Listed entries:
▬▬▬▬▬▬
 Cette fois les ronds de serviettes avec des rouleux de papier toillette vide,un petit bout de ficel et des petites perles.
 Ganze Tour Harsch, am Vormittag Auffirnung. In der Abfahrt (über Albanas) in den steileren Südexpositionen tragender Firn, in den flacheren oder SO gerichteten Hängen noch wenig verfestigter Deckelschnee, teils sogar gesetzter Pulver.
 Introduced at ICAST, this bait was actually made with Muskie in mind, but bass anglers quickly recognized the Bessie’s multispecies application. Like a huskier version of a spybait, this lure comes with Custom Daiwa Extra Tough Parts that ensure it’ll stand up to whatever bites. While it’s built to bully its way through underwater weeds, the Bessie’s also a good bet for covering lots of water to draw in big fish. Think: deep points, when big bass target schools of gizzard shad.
▬▬▬▬▬▬
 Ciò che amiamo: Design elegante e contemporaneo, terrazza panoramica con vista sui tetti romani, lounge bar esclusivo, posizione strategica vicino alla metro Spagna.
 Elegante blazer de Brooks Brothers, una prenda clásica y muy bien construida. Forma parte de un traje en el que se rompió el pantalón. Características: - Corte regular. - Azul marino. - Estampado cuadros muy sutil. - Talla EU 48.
▬▬▬▬▬▬
All lines above from the line with "Cette fois les" through the line with "Ganze Tour Harsch, am", both included, are to be set down exactly, with nothing else.

Result of the exercise:
 Cette fois les ronds de serviettes avec des rouleux de papier toillette vide,un petit bout de ficel et des petites perles.
 Ganze Tour Harsch, am Vormittag Auffirnung. In der Abfahrt (über Albanas) in den steileren Südexpositionen tragender Firn, in den flacheren oder SO gerichteten Hängen noch wenig verfestigter Deckelschnee, teils sogar gesetzter Pulver.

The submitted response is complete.